In the experimental optimizer [1] closure-inlining handles methods receiving any number of anonymous closures. There's room for improvement, but the following is already working:
(a) each closure may be applied multiple times yet its inlining won't result in code duplication, because closure application is translated as invocation of a final method. (A follow-up analysis could determine whether inlining pays off, but the VM is already quite good at this). Want to know more details? This optimizer is documented!
(b) Specialization results in closure bodies expecting unboxed arguments, while FunctionX.apply() methods don't have primitives in their method descriptors. Provided the invoker has primitives to start with, the intermediares in charge of unboxing/boxing are collapsed into oblivion by closure-inlining.

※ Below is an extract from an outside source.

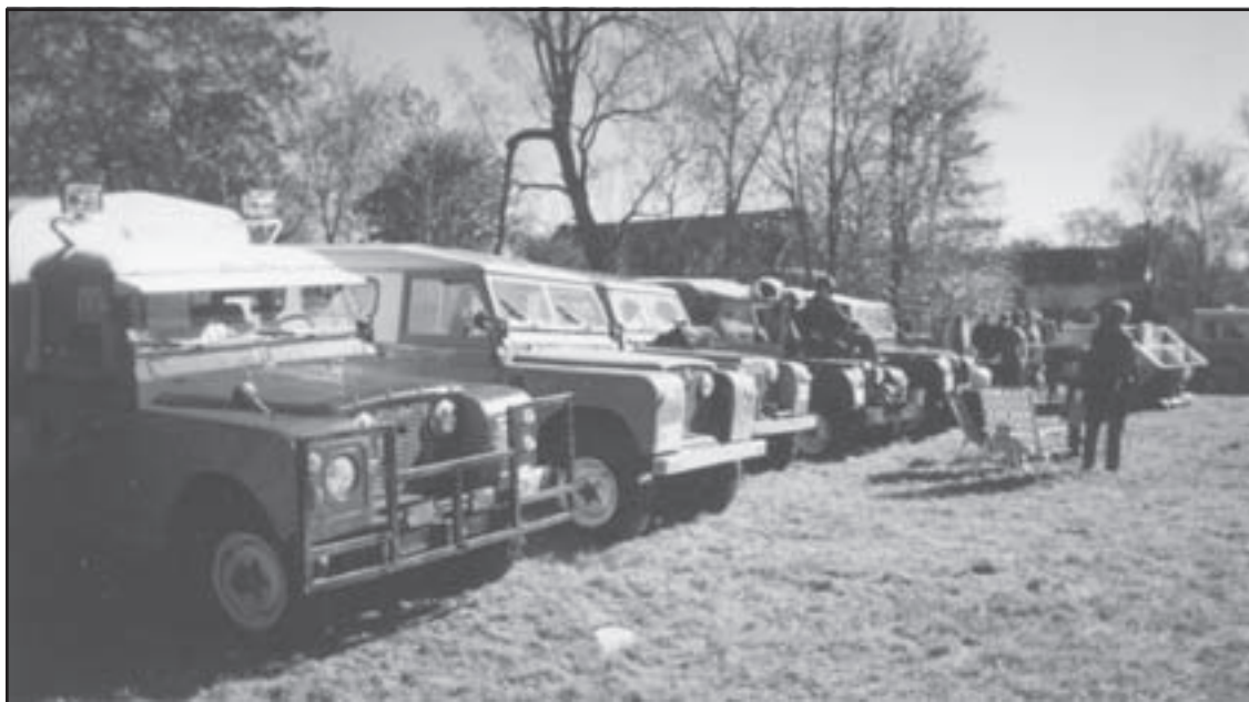
A line-up of sun bathing beauties back when the sun shone for the annual oiler.

PHONE HOURS: M-F 8:00 AM - 5:30 PM, SAT 8:30 AM - 12:30 PM EST • FAX: (802) 879-9152 1319 Vermont Rt. 128, Westford, Vermont 05494 • USA email@roversnorth.com

(c) The experimental optimizer also elides all private class members that see no use (unless -YkeepUnusedPrivateClassMembers is given). Combined with closure-inlining, that results in 1.5 MiB worth of closures disappearing from scala-compiler.jar
(d) Closure inlining is also possible for non-trivial closure bodies that declare local methods, local classes, etc. For example, the following results in just Test.class and Test$.class being emitted:
object Test {
def main(args: Array[String]) {
(1 to 10) foreach { a => def ma(x: Int) = { x }
(11 to 20) foreach { b => def mb(y: Int) = { y }
println(ma(a) + mb(b))
}
}
}
}To explore the resulting bytecode, javap -private is necessary. If using the -Ygen-javap option of scalac, the following change in JavapBytecodeWriter achieves the same:
javap(Seq("-c", "-private", classFile.name)) foreach (_.show())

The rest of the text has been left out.